===== Available data =====

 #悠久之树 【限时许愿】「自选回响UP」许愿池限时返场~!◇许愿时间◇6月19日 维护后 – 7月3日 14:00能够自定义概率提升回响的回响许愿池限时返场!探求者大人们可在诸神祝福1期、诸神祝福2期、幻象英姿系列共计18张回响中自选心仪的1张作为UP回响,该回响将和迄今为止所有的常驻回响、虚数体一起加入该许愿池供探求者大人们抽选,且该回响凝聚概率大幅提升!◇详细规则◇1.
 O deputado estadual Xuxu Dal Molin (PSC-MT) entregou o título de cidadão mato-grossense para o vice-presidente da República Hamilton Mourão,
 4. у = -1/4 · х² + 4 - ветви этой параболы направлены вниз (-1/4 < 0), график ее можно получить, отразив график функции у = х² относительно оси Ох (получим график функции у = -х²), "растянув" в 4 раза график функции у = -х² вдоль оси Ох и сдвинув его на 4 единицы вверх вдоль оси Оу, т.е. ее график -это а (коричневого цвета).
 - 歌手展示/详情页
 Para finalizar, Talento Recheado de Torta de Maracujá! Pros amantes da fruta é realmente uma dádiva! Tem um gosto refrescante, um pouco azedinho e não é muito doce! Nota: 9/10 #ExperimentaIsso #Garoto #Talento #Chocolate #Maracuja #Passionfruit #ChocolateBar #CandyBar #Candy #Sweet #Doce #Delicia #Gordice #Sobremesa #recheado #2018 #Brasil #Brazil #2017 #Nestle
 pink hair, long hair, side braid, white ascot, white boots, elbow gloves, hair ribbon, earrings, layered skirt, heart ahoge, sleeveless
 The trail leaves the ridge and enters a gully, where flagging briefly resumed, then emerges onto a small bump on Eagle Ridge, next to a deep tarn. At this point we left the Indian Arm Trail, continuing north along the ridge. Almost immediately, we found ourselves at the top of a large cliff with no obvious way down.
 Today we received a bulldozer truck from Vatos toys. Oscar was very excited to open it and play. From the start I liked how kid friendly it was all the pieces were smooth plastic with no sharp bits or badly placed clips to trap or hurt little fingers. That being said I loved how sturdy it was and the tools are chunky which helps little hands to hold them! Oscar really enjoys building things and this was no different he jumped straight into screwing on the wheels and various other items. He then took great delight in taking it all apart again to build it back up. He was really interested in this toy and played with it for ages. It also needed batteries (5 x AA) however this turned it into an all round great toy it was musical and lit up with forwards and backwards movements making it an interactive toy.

=====

▶ Exercise directions
Exact transcription of the listing is needed, with no line left out.

▶ Solution
 #悠久之树 【限时许愿】「自选回响UP」许愿池限时返场~!◇许愿时间◇6月19日 维护后 – 7月3日 14:00能够自定义概率提升回响的回响许愿池限时返场!探求者大人们可在诸神祝福1期、诸神祝福2期、幻象英姿系列共计18张回响中自选心仪的1张作为UP回响,该回响将和迄今为止所有的常驻回响、虚数体一起加入该许愿池供探求者大人们抽选,且该回响凝聚概率大幅提升!◇详细规则◇1.
 O deputado estadual Xuxu Dal Molin (PSC-MT) entregou o título de cidadão mato-grossense para o vice-presidente da República Hamilton Mourão,
 4. у = -1/4 · х² + 4 - ветви этой параболы направлены вниз (-1/4 < 0), график ее можно получить, отразив график функции у = х² относительно оси Ох (получим график функции у = -х²), "растянув" в 4 раза график функции у = -х² вдоль оси Ох и сдвинув его на 4 единицы вверх вдоль оси Оу, т.е. ее график -это а (коричневого цвета).
 - 歌手展示/详情页
 Para finalizar, Talento Recheado de Torta de Maracujá! Pros amantes da fruta é realmente uma dádiva! Tem um gosto refrescante, um pouco azedinho e não é muito doce! Nota: 9/10 #ExperimentaIsso #Garoto #Talento #Chocolate #Maracuja #Passionfruit #ChocolateBar #CandyBar #Candy #Sweet #Doce #Delicia #Gordice #Sobremesa #recheado #2018 #Brasil #Brazil #2017 #Nestle
 pink hair, long hair, side braid, white ascot, white boots, elbow gloves, hair ribbon, earrings, layered skirt, heart ahoge, sleeveless
 The trail leaves the ridge and enters a gully, where flagging briefly resumed, then emerges onto a small bump on Eagle Ridge, next to a deep tarn. At this point we left the Indian Arm Trail, continuing north along the ridge. Almost immediately, we found ourselves at the top of a large cliff with no obvious way down.
 Today we received a bulldozer truck from Vatos toys. Oscar was very excited to open it and play. From the start I liked how kid friendly it was all the pieces were smooth plastic with no sharp bits or badly placed clips to trap or hurt little fingers. That being said I loved how sturdy it was and the tools are chunky which helps little hands to hold them! Oscar really enjoys building things and this was no different he jumped straight into screwing on the wheels and various other items. He then took great delight in taking it all apart again to build it back up. He was really interested in this toy and played with it for ages. It also needed batteries (5 x AA) however this turned it into an all round great toy it was musical and lit up with forwards and backwards movements making it an interactive toy.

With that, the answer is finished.